O afrouxamento monetário promovido pelo Copom já reduziu a taxa básica da economia nacional para 14,25% a.a., com vistas a chegar aos 13,75% ao final de 2006. Antes da última decisão, a ata do encontro anterior havia anunciado “maior parcimônia” nas decisões da autoridade monetária, e, para surpresa geral, ocorreu um corte de 50 pbs, contrariando a maioria das projeções mais modestas, 25 pbs. Ao final, sobressaíram os fracos índices de atividade econômica, combinados com o PIB medíocre do último trimestre. Provavelmente temeroso com o nível de expansão do Brasil, o comitê achou por bem imprimir um ritmo mais agressivo, visando reverter a constrangedora situação às vésperas do pleito presidencial. O governo acredita em um crescimento de 4% para este ano, o FMI aposta em 3,6%, mas o mercado financeiro não parece compactuar desse otimismo, e tem revisado suas expectativas para uma mediana de 3,2%, segundo o Relatório Focus. Ainda de acordo com estudos do FMI, o mundo crescerá 5,1% este ano, e a América Latina, 4,2%. Estaremos novamente abaixo da média mundial.

Vários têm sido os argumentos para explicar o crescimento pífio do Brasil, e todos eles de certa maneira estão interligados. O real valorizado estimula aumento das importações, e inibe exportações. A concorrência com produtos de fora desencoraja o empresário nacional a aumentar os investimentos na produção, já que parte da demanda interna é suprida pela forte concorrência dos importados. Pelo PIB do segundo trimestre, a variação em 12 meses das exportações de bens e serviços sofreu forte queda, encerrando negativa pela primeira vez em quase 3 anos, enquanto as importações permaneceram altas. Dentre os setores, a indústria apresentou o pior resultado. Se observarmos apenas a balança comercial, verificaremos que a pauta das exportações é fortemente concentrada em commodities. No acumulado de janeiro a julho deste ano, os produtos que puxam o superávit são minérios de ferro, soja, petróleo e açúcar. Observando-se a variação das exportações em 2005 para 2006, estão registrados os apuros do setor têxtil, moveleiro e de máquinas e ferramentas.

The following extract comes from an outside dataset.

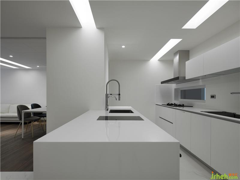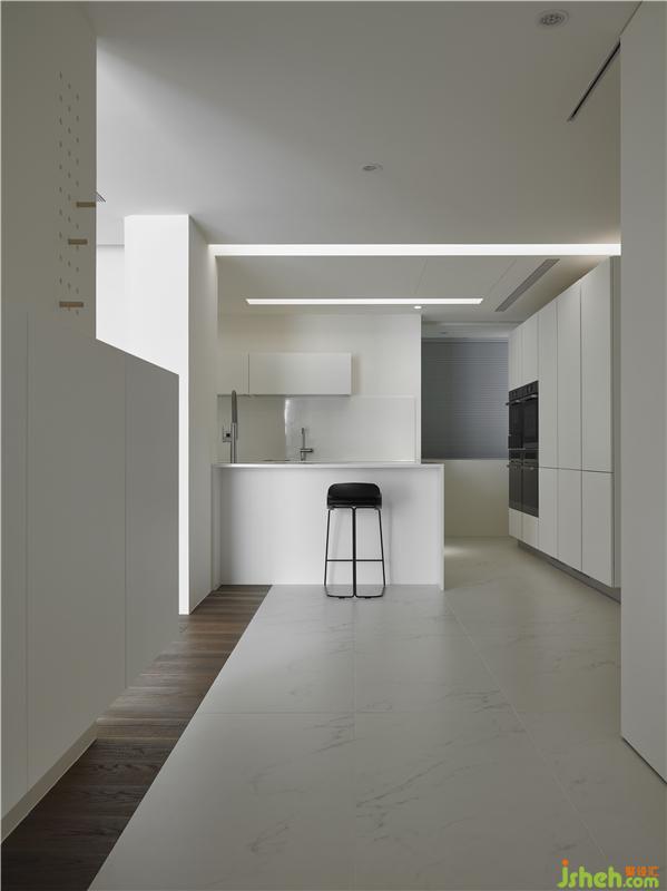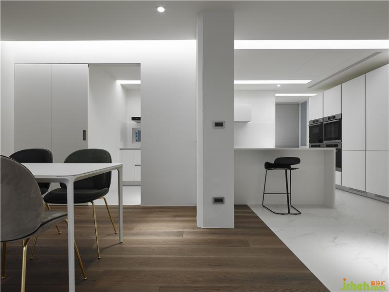 繼續(xù)前行,設(shè)計(jì)師為平日喜歡制做甜點(diǎn)的女主人與她的女兒,打造了一個(gè)開放式的白色廚房,家居設(shè)計(jì)將廚房以大尺度方式規(guī)劃最質(zhì)樸風(fēng)格,以廚房吧臺(tái)設(shè)計(jì)作為情感的楔子,讓濃濃溫暖親情,發(fā)散于通透無阻的空間環(huán)境之中。

O problema é que os bons resultados, fortemente ancorados em commodities, podem sofrer solavancos. Há uma tendência de queda dos preços destes produtos no médio prazo. Até o momento, os preços elevados das commodities têm sido generosos com a economia brasileira, mas o mundo começa a dar claros sinais de desaceleração, puxada pelos Estados Unidos e sua cruzada no combate às pressões inflacionárias, provocadas – veja só – pelas próprias commodities, em especial o petróleo. Embora a expectativa aponte para um desaquecimento gradual e suave, seria interessante que o próximo governo detivesse uma estratégia objetiva de incentivo aos demais setores produtivos.

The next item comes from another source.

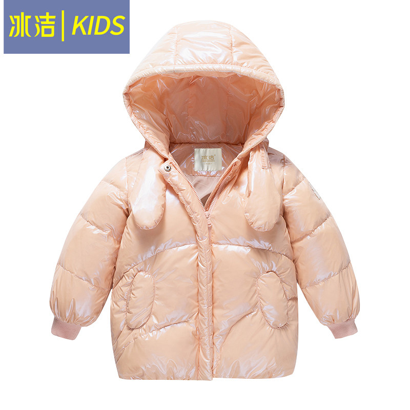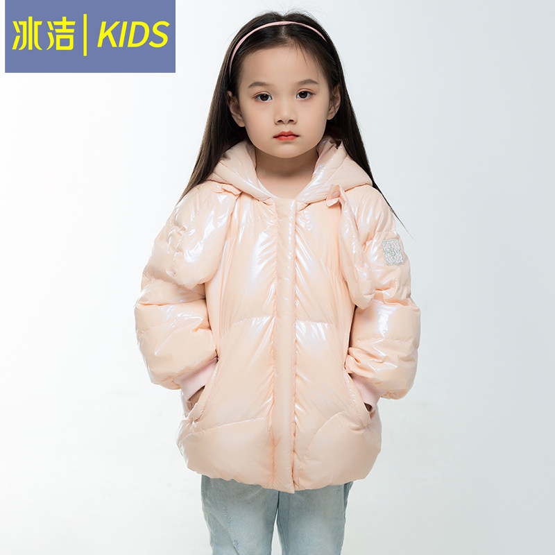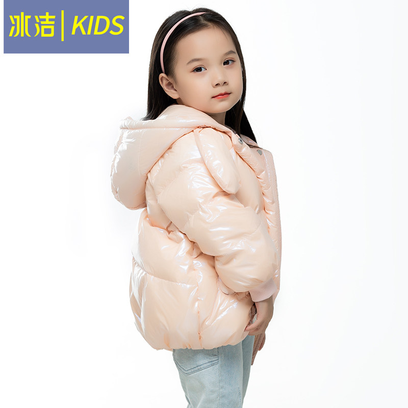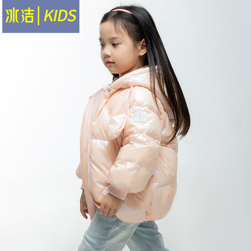 Bingjie 2022 new girls' thick down jacket bright surface children's short fashion Western style warm jacket

O juro baixo tem contribuído para o aumento da massa salarial e, consequentemente, para o consumo das famílias. O paradoxo que se observa, de um juro real baixo lado a lado com inflação controlada, mas com atividade industrial insípida, leva à conclusão de que existe limitação no poder dos juros em alavancar uma economia como a do Brasil. As elevadas despesas do governo, que resultam em mais impostos, inibem investimentos do setor privado. Como a carga tributária chegou ao limite do tolerável para o empresariado e o Estado não demonstra disposição em cortar gastos, a maior fatia do orçamento público fica comprometida, o que resulta em um montante muito aquém do necessário para os investimentos em infra-estrutura e de suporte às empresas. Os efeitos do câmbio forte, que estimula as importações, certamente seriam amenizados se a discussão em torno do juro fosse dividida com os problemas que estagnam o setor produtivo. O BC cumpre firmemente a sua tarefa de equacionar a demanda com a oferta, e exercer o controle das pressões inflacionárias. Também o Tesouro nacional vem trabalhando bem na redução e mudança do perfil da dívida. Contudo, ainda que a defasagem da incidência dos juros baixos na economia prove o contrário, o país precisa urgentemente de uma pauta de exportações mais diversificada, incluindo-se, aí, a ocorrência de produtos de maior valor agregado, de modo a diminuir nossa vulnerabilidade. Até mesmo o nosso mercado de capitais se ressente disso, pois é preciso que haja mais opções de empresas listadas na Bolsa, e que estas pertençam a segmentos mais diversificados. E que consigam, ainda, ser boas o suficiente para entrarem no Ibovespa e reduzirem também o peso das empresas de commodities no índice.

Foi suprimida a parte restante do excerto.